Around the interior are framed oil paintings of bottles, cups, fruit and other still-life chestnuts. Some were commissioned from a contemporary artist from Tblisi, Georgia, named Vitali Dvali. Others were picked up secondhand by Mr. Anderer and Natalie Johnson, the general manager and his partner in operating the restaurant; these look as if they have been quietly decorating the back room of some neighborhood restaurant for decades.
Nostalgia is a fraught exercise in the Trump era. Reviving historic dishes is one thing, but when an entire restaurant seems to be based on a gauzy dream of a rose-colored past, you hope for some sign that the creators understand that the past wasn’t equally dreamy for everybody. To some extent, Anton’s menu does this by portraying a history of New York in which appetites have been shaped by immigrants.
With an eye on Jewish appetizing stores, he serves a whitefish salad that I might almost call luxurious if we weren’t talking about whitefish salad.
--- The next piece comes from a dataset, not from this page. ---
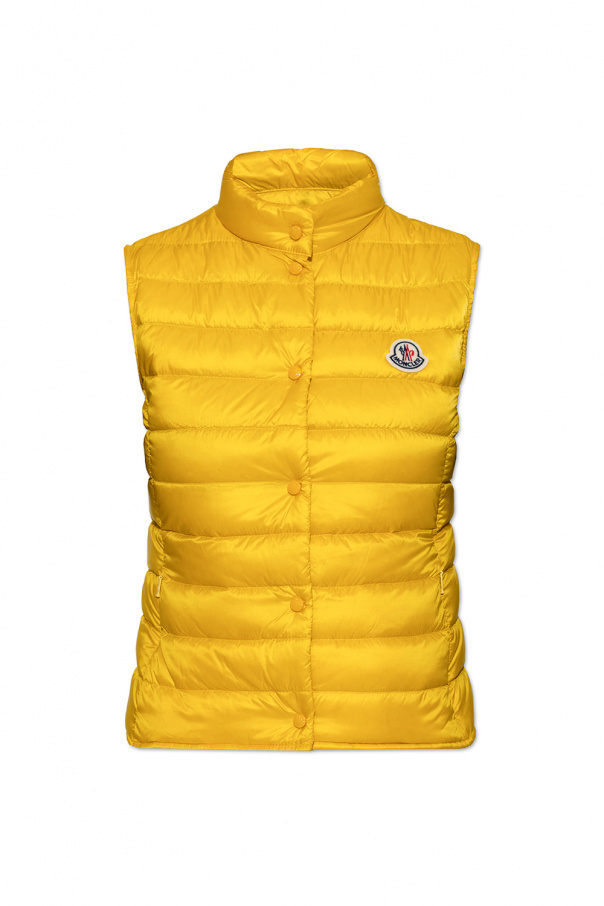 Yellow ‘Liane’ down vest from Moncler. Made of Léger nylon, this design features snap fastenings, the label’s signature Boudin quilting, fleece logo patch and two pockets with concealed zips. Comes with a drawstring bag.

The chopped liver may have the same inspiration, although it’s been made significantly meatier by the addition of chopped chicken hearts and significantly fruitier by a glug of Marsala. The liver is served with white toast and curly parsley, which has waited long enough for its comeback, thank you very much.
Mr. Anderer brings together slices of dry-cured country ham from Tennessee with a sweeter and less salty “city ham” brined and smoked by the East Village Meat Market on Second Avenue, still owned by the Baczynsky family and one of the last standing relics of Little Ukraine. Since the demise of the great Kurowycky butcher shop, the Baczynskys have been the undisputed ham champions of the East Village. They also make a fine bacon, which Anton’s incorporates into the spicy and smoky bucatini Baczynski, essentially a pasta all’amatriciana by way of Kyiv.
It is very good, as you would predict if you are familiar with the amatriciana that Mr. Anderer kept on Maialino’s menu for his 10 years as chef there. So are the spinach ravioli, along with most of the four or five other pastas, whose ethnic heritage needs no footnote.
The angel hair francese could use a brief introduction, though. Gene’s Restaurant is known to passers-by on West 11th Street for its Garden State Brickface-style molded stone facade and its faded red awning stretching from the front door to the taxicab; regulars know it for what it calls “continental cuisine.” Mr. Anderer is given to ordering chicken francese with a side of angel-hair pasta, a pairing that by the end of the meal results in a nest of noodles coated with garlic, lemon and chicken juices.
This is what Mr. Anderer serves as angel-hair francese, approximately, although at Anton’s the angel hair is freshly made and is blitzed with fried bread crumbs so it won’t be mistaken for noodle soup. It is another Anton’s dish that I would make an appointment to eat every few weeks if I were a normal person.
As a critic, though, I pressed my luck. I ordered the thin, weak ragù with overcooked lasagna noodles. I went for the roasted cauliflower, too, and wondered why the random scattering of chopped apricots, almonds and olives sounded so much more interesting on the menu, where it is called a relish. The onions under hanger steak Lorenz, supposedly “melted,” were still quite solid, and kind of strange. The roast chicken and some other main courses were flat-out dull, and the schmaltz potatoes didn’t taste like much of anything, not even schmaltz.
The service was hard to get a fix on, too. Maybe you will get the jovial, welcoming treatment I got one night when no wish went unfulfilled, no matter how minor. Maybe, as happened to me on a different night, your requests for another appetizer or a side dish will be met with vague nods which could mean “later,” or “much later,” or “never.”
This worried me more than the schmaltz potatoes. You can simply stop eating a dud dish, but when some food doesn’t show up at all, that’s the kind of inconsistency that can keep even normal people away.